XLSperl -nle '/pattern/ and print' file.xls

I've also used the "-l" option here which, as with Perl, enables automatic line-end processing (no need to include "\n" on the end of every print statement!).

While looping on every cell is quite handy, it is often even more useful to loop through a file row by row instead. By using the "-a" (autosplit) option we can do just that. Autosplit runs your Perl code on each row, with the cell values available in the %F and @F variables (these are the same, i.e. $F{A} is equal to $F[0]). This lets you extract columns from Excel files:

XLSperl -nale 'print $F{C}' file.xls

Special variables
As well as %F and @F, XLSperl adds the following special variables to the standard ones available in Perl:

$WS     = Worksheet name
$ROW    = Current row (1 .. x)
$COL    = Current column name (A .. x)
$COLNUM = Current column number (1 .. x)
$CELL   = Current cell (A1 .. ZZx)
@F      = Array of cell values (in autosplit mode)
%F      = Hash of cell values (in autosplit mode)

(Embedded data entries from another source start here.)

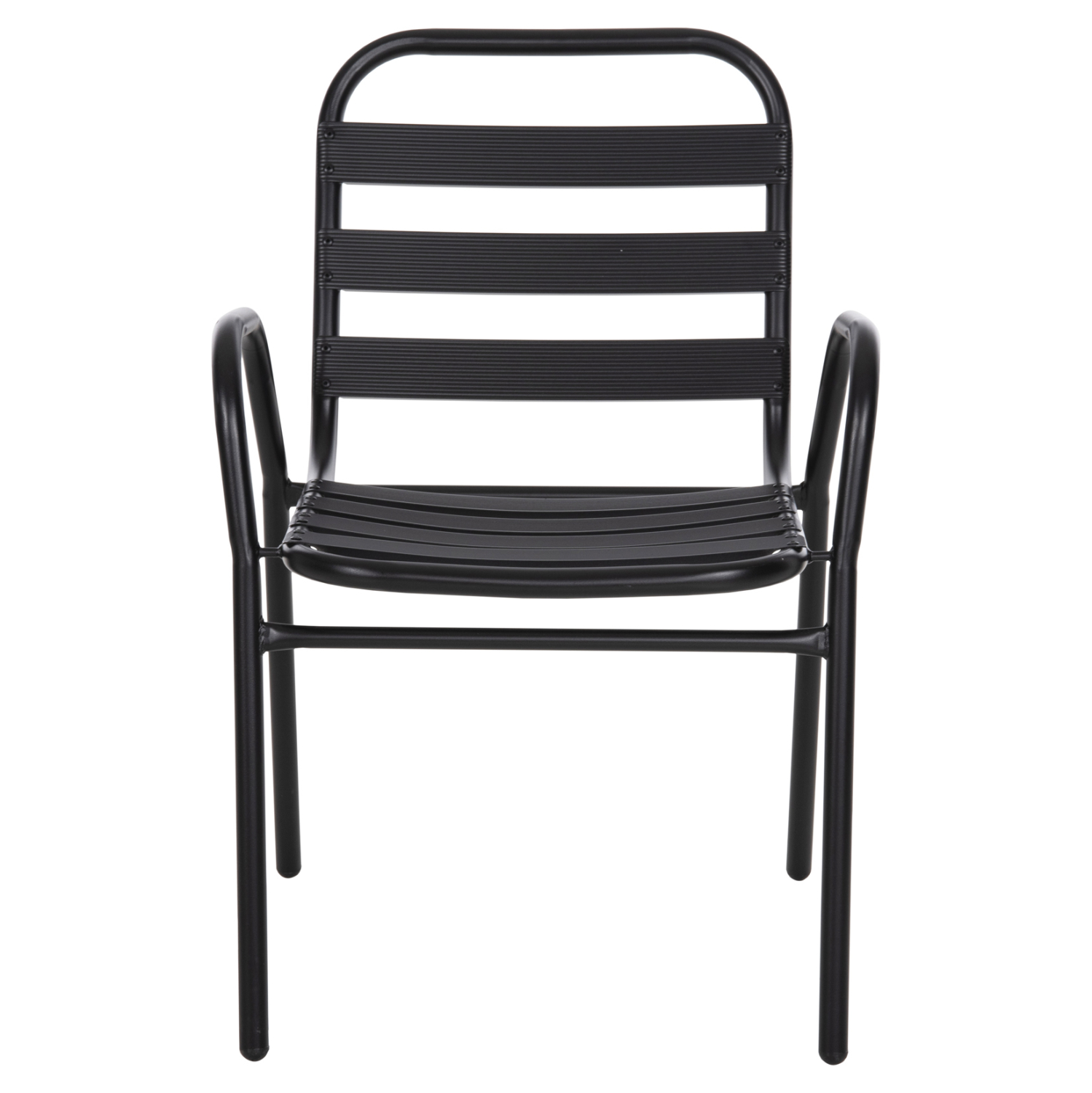 Η καρέκλα εξωτερικού χώρου PRELUDE είναι κατασκευασμένη από μέταλλο και αλουμίνιο σε ΜΑΥΡΟ χρώμα. Ο σκελετός της είναι μεταλλικός, ενώ η πλάτη και το κάθισμα αποτελούνται από «φέτες» αλουμινίου. Σχεδιαστικά, είναι λιτή με όμορφες καμπύλες και χαμηλά μπράτσα, ενώ το γεγονός ότι είναι ελαφριά και ΣΤΟΙΒΑΖΟΜΕΝΗ την κάνει ιδιαιτέρως πρακτική αφού μπορείτε να την αποθηκεύσετε εύκολα στον μικρότερο δυνατό χώρο.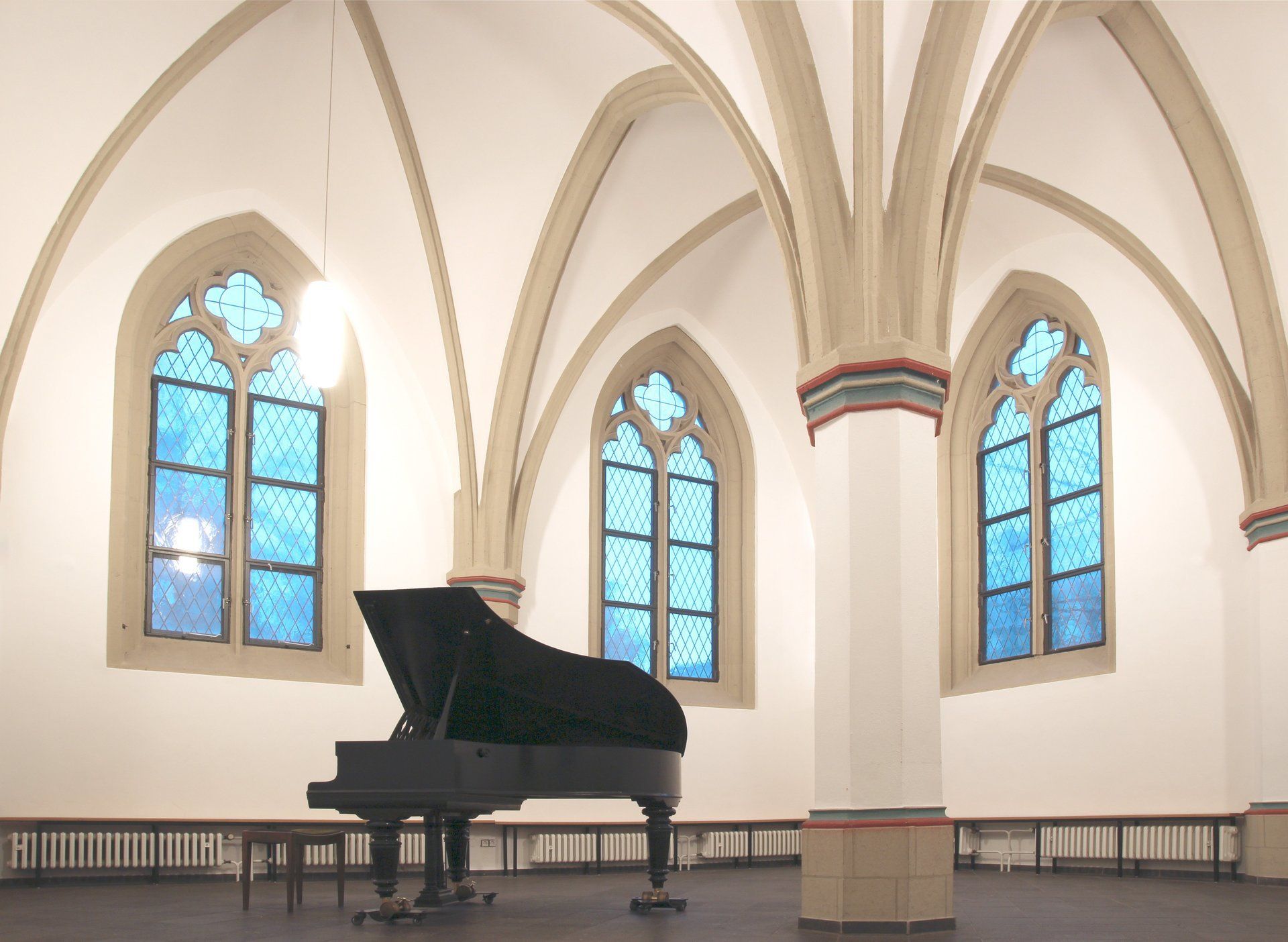 Die gestalterischen und technischen Anforderungen hatten sich nun, nach Jahrhunderten des zurückgezogenen Lebens der Kartäuser Mönche, der Nutzung einer lebendigen, Evangelischen Gemeinde zu stellen, die sich Kirche und angrenzende Säle mit der Evangelischen Gehörlosengemeinde Köln teilt. So war der Kapitelsaal der Kartause, also der ehemalige Versammlungsort der Mönche, als Saal zu Versammlungszwecken aus heutiger Sicht nicht nutzbar. Wurde zu Zeiten der klösterlichen Gemeinschaft vorgelesen oder beraten, so wurde das Reden durch den Schall, der sich durch die Art und Weise eines Gewölbesaales ausbreitet, aufbaut und von Wänden und Gewölbedecken zurückgeworfen wird, begünstigt. Derselbe Schall machte aber jegliche Art von größerer Zusammenkunft neben dem Vorlesen schwierig, Feierlichkeiten zum Beispiel wurden durch den schallbedingten Lärm unerträglich. Eine Schalldämmung des Kapitelsaales an Wänden und Boden mit einem „weichen“ Material war nicht möglich, so dass nur die Dämmung der Gewölbedecke in Frage kam. Die Architekten bedienten sich einer Dämmmethode, welche sie aus dem Cinema – Bereich kannten: Spezielle Dämmmatten werden in kleine Stücke geschnitten in die Rundung der Gewölbe eingebracht, von Hand geschliffen und anschließend mit einem Cellulose – Material besprüht. Das Ergebnis ist eine Oberfläche, die sich optisch nicht von dem Putz an den Wänden unterscheiden lässt, als Schalldämmung aber in dem Kapitelsaal Nutzungen aller Art zulässt. Der Kreuzgangsaal der Kartause war als großer Gemeindesaal ebenfalls wie die Nebenanlagen vollständig zu restaurieren. Artefactum recherchierte, dass die Bodenbeläge in dem historischen, den Sälen angrenzenden Kreuzgang, mit Steinplatten aus Mendiger Basalt ausgelegt sind und der Steinbruch in der Eifel, der schon vor Hunderten von Jahren dem Kloster als Materiallieferant diente, noch existiert.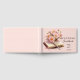 Une belle image rose de Gerbera Daisies sur un livre avec une image de plume. Le texte est "Livre d'or MARIAGE" et les noms de la mariée et du marié avec la date du mariage
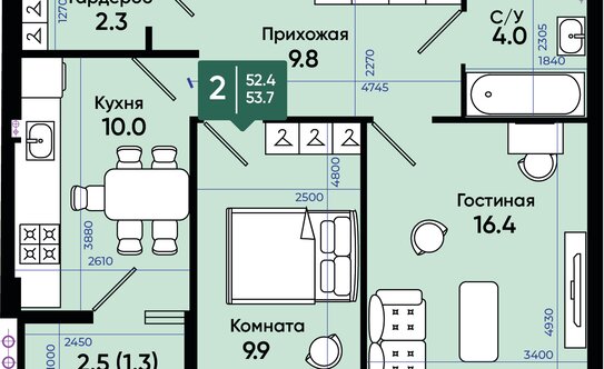 Двухкомнатные площадью от 49,8 до 60,4 кв. м. В них по две изолированные комнаты, лоджии, по одному или два санузла. Есть варианты с гардеробными комнатами.

With these you can do things like make an enhanced "grep" function that gives the cell position for each match that occurs:

XLSperl -nale '/pattern/ and print "$ARGV:$WS:$CELL $_"' *.xls

Creating Excel files
New in version 0.3 is the ability to create Excel files as well as read them. To do this, use the XLSprint command, which takes a list of values and writes them as a row to an Excel document, e.g.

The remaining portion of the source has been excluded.